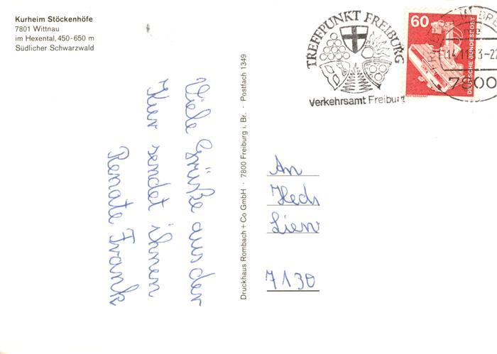 73932040 alte Postkarte Wittnau Breisgau Schwarzwald Kurheim Stoeckenhoefe postalisch gelaufen Erhaltung siehe scans [FriedD77] KatCode: 11110008315125
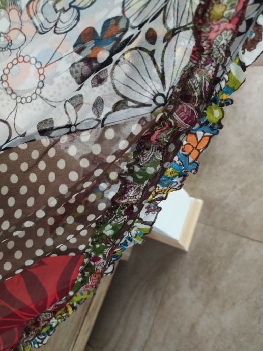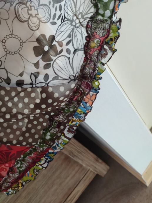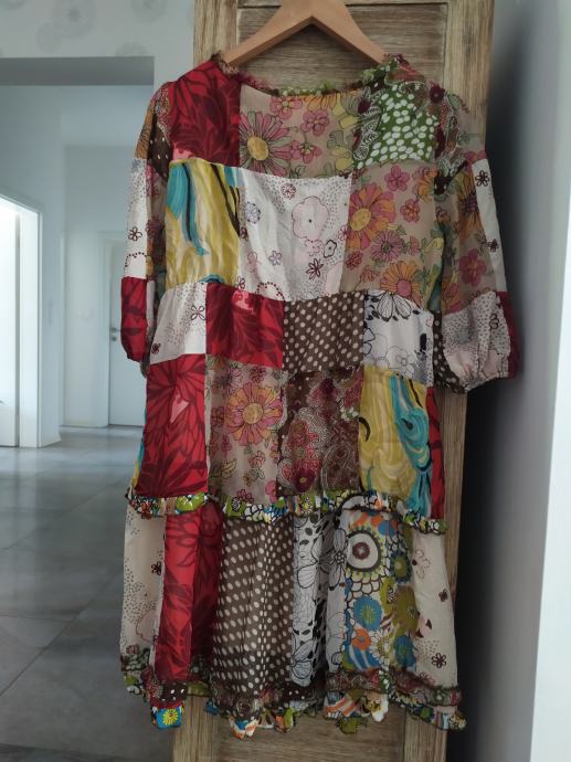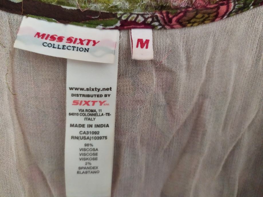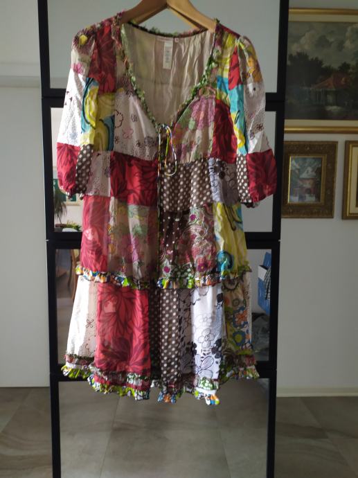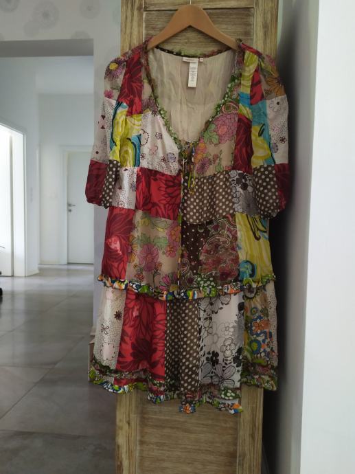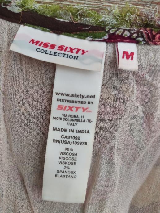 Prodajem haljinu marke MISS SIXTY vl.M po cijeni 17 eura . Haljina je od viskoze a i podstava je od viskoze. Haljina je posebna i atraktivna. Ispod prsiju je sječena i šav je elastičan i rastezljiv. Rukavi su 3/4 sa gumicom na krajevima. Tkanina podstave ima elastina u sebi. Oko vratnog izreza haljina ima ocufani volančić. Haljina je malo nošena i očuvana, nema nikakvih oštećenja na sebi.
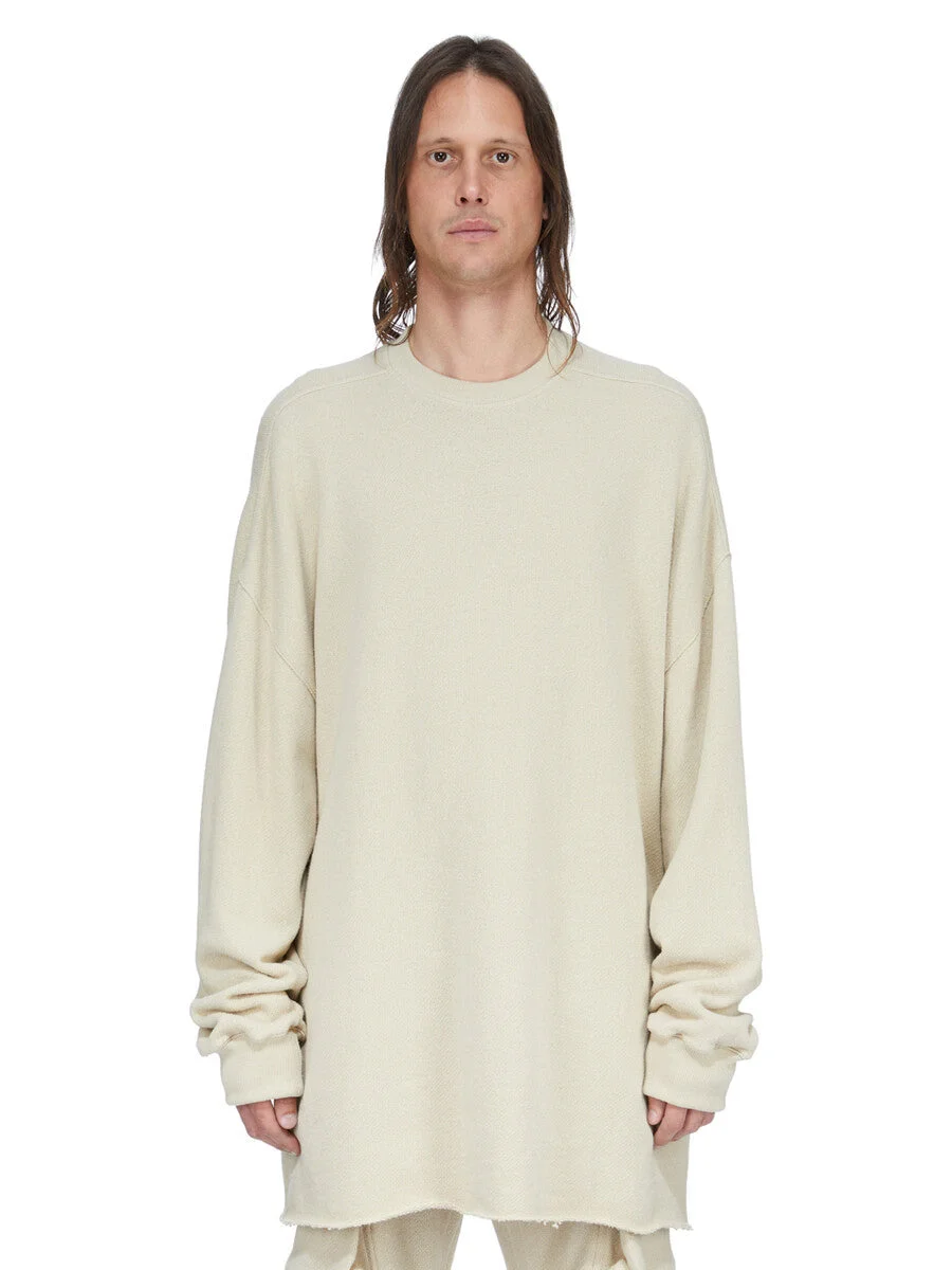 RICK OWENS SS26 TEMPLE TOMMY LS T IN SAND NEP TERRY JERSEY THIS TOMMY LS T IS BELOW-HIP LENGTH WITH A JUMBO OVERSIZED FIT. IT HAS LONG SLEEVES WITH A DROPPED ARMHOLE, RAW CUT HEMS AND A RIBBED CREWNECK AND CUFFS. IT FEATURES SIGNATURE FRONT LEVEL SHOULDER SEAMS. THIS HEAVYWEIGHT JERSEY IS KNITTED USING TEXTURED NEP YARNS AND HAS A BRUSHED FINISH. THIS JERSEY IS MADE USING GOTS CERTIFIED ORGANIC COTTON WHICH MEANS THE NATURAL FIBER IS GROWN WITHOUT HARMFUL CHEMICALS, LEAVING OUR SOIL, AIR AND WATER CLEANER FROM CONTAMINATES. COLOR: SAND MATERIAL:100% COTTON MODEL IS 189CM TALL ITEM IS AVAILABLE IN ONE SIZE

> [Aim of the task]
Retype exactly. Include each line from the start of the material through the line holding "Prodajem haljinu marke", and leave the pictures out.

> [Exercise output]
 73932040 alte Postkarte Wittnau Breisgau Schwarzwald Kurheim Stoeckenhoefe postalisch gelaufen Erhaltung siehe scans [FriedD77] KatCode: 11110008315125
 Prodajem haljinu marke MISS SIXTY vl.M po cijeni 17 eura . Haljina je od viskoze a i podstava je od viskoze. Haljina je posebna i atraktivna. Ispod prsiju je sječena i šav je elastičan i rastezljiv. Rukavi su 3/4 sa gumicom na krajevima. Tkanina podstave ima elastina u sebi. Oko vratnog izreza haljina ima ocufani volančić. Haljina je malo nošena i očuvana, nema nikakvih oštećenja na sebi.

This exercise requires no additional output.